Bug 60160 - ArrayIndexOutOfBoundsException coming when trying to extract text from doc file.
Summary: ArrayIndexOutOfBoundsException coming when trying to extract text from doc file.
Status: RESOLVED WONTFIX
Alias: None
Product: POI
Classification: Unclassified
Component: HWPF (show other bugs)
Version: 3.15-dev
Hardware: PC Linux
: P2 major (vote)
Target Milestone: ---
Assignee: POI Developers List
URL:
Keywords:
Depends on:
Blocks:
 
Reported: 2016-09-21 07:15 UTC by Akash Sudhakar
Modified: 2019-04-23 20:43 UTC (History)
0 users



Attachments

Note You need to log in before you can comment on or make changes to this bug.
Description Akash Sudhakar 2016-09-21 07:15:13 UTC
Code -     
    byte[] bytes = IOUtils.toByteArray(new FileInputStream(file));
    HWPFDocument doc = new HWPFDocument(new ByteArrayInputStream(bytes));
    // using XWPFWordExtractor Class
    System.out.println(doc.getDocumentText());



Exception stack trace - 

Exception in thread "main" java.lang.ArrayIndexOutOfBoundsException
	at java.lang.System.arraycopy(Native Method)
	at org.apache.poi.hwpf.model.SectionTable.<init>(SectionTable.java:84)
	at org.apache.poi.hwpf.HWPFDocument.<init>(HWPFDocument.java:342)
	at org.apache.poi.hwpf.HWPFDocument.<init>(HWPFDocument.java:186)
	at org.apache.poi.hwpf.HWPFDocument.<init>(HWPFDocument.java:174)
	at com.test.DocExtractor.main(DocExtractor.java:12)

If we can some how ignore this exception we can get other parts of the document.
Comment 1 Javen O'Neal 2016-09-21 08:29:54 UTC
Could you include the file that caused this problem?

FYI, it is simpler to open the document via a POIFSFileSystem.
POIFSFileSystem fs = POIFSFileSystem.create(file);
HWPFDocument doc = new HWPFDocument(fs);
doc.getDocumentText();
...
doc.close();
fs.close();
Comment 2 Akash Sudhakar 2016-09-21 08:53:13 UTC
File is classified file. So cannot share it.
If we save the file again as doc file, then issue is not coming.
Comment 3 Javen O'Neal 2016-09-21 09:11:37 UTC
Do you know what software was used to generate the original file?
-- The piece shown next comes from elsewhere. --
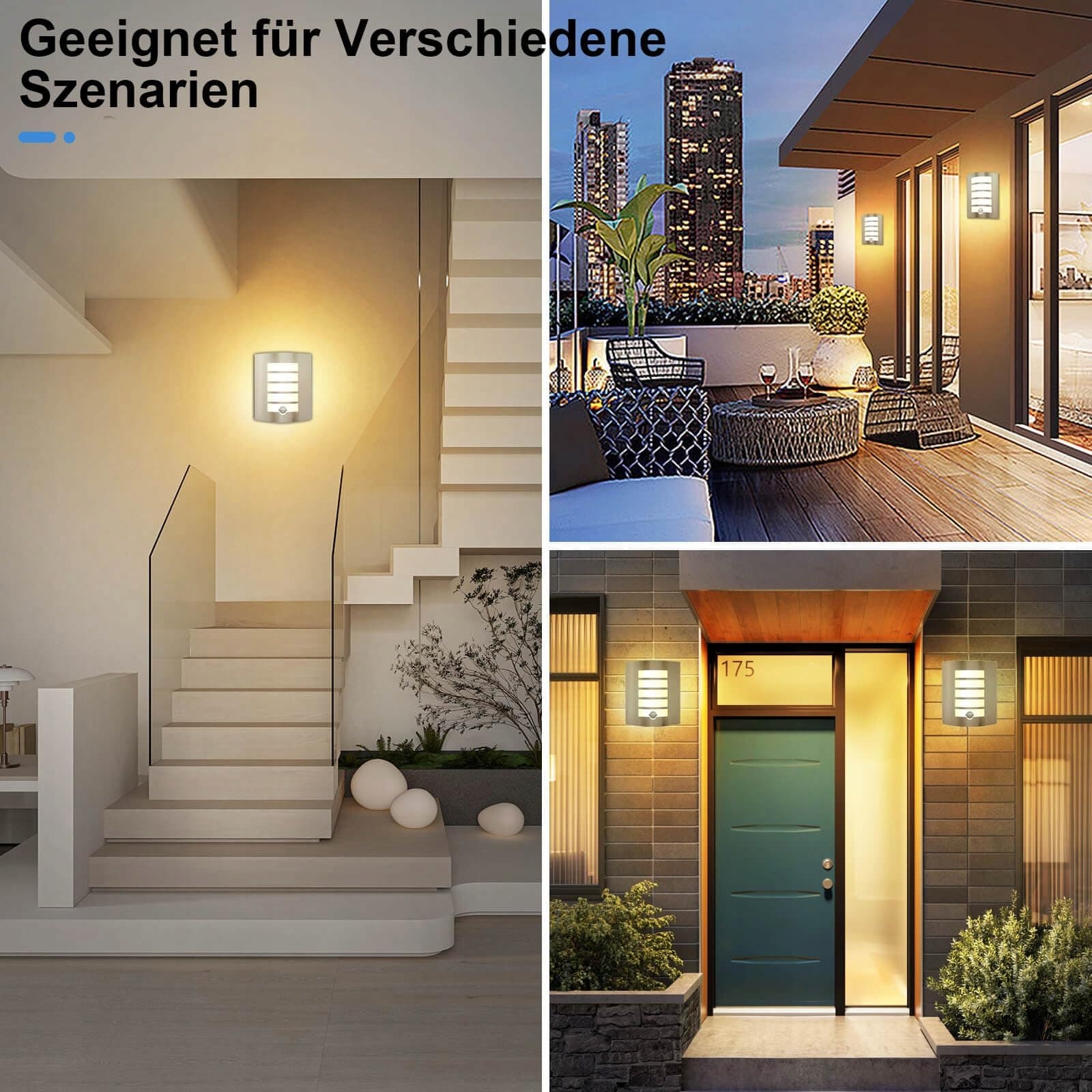 【Wodoodporna lampa zewnętrzna IP44】Ta lampa z czujnikiem ruchu wykonana jest z wytrzymałej stali nierdzewnej i trwałego tworzywa ABS o wysokiej ochronie i odporności na wilgoć, nadaje się do montażu przy drzwiach wejściowych, w ogrodach, korytarzach, na tarasach, podwórkach, balkonach, werandach, łazienkach i innych miejscach.

Without a way to reproduce the problem, there's not much that we can do.
You could run the file through POIFSDump, BiffViewer or other developer tools (Microsoft publishes some validators), but it is unlikely that a developer will spend much effort with such limited information, nothing to test, for such a minor problem. They're more likely to introduce bugs by making changes.

https://poi.apache.org/apidocs/org/apache/poi/poifs/dev/POIFSDump.html
Comment 5 Akash Sudhakar 2016-09-21 09:24:01 UTC
Is this issue due to incorrect file or is it a bug ?
Let me check if I can share the document.
Comment 6 Dominik Stadler 2019-04-23 20:43:07 UTC
No more information received for a long time and probably a corrupt file created with some other tool, therefore we do not plan to fix anything until we receive more information and/or a sample document here.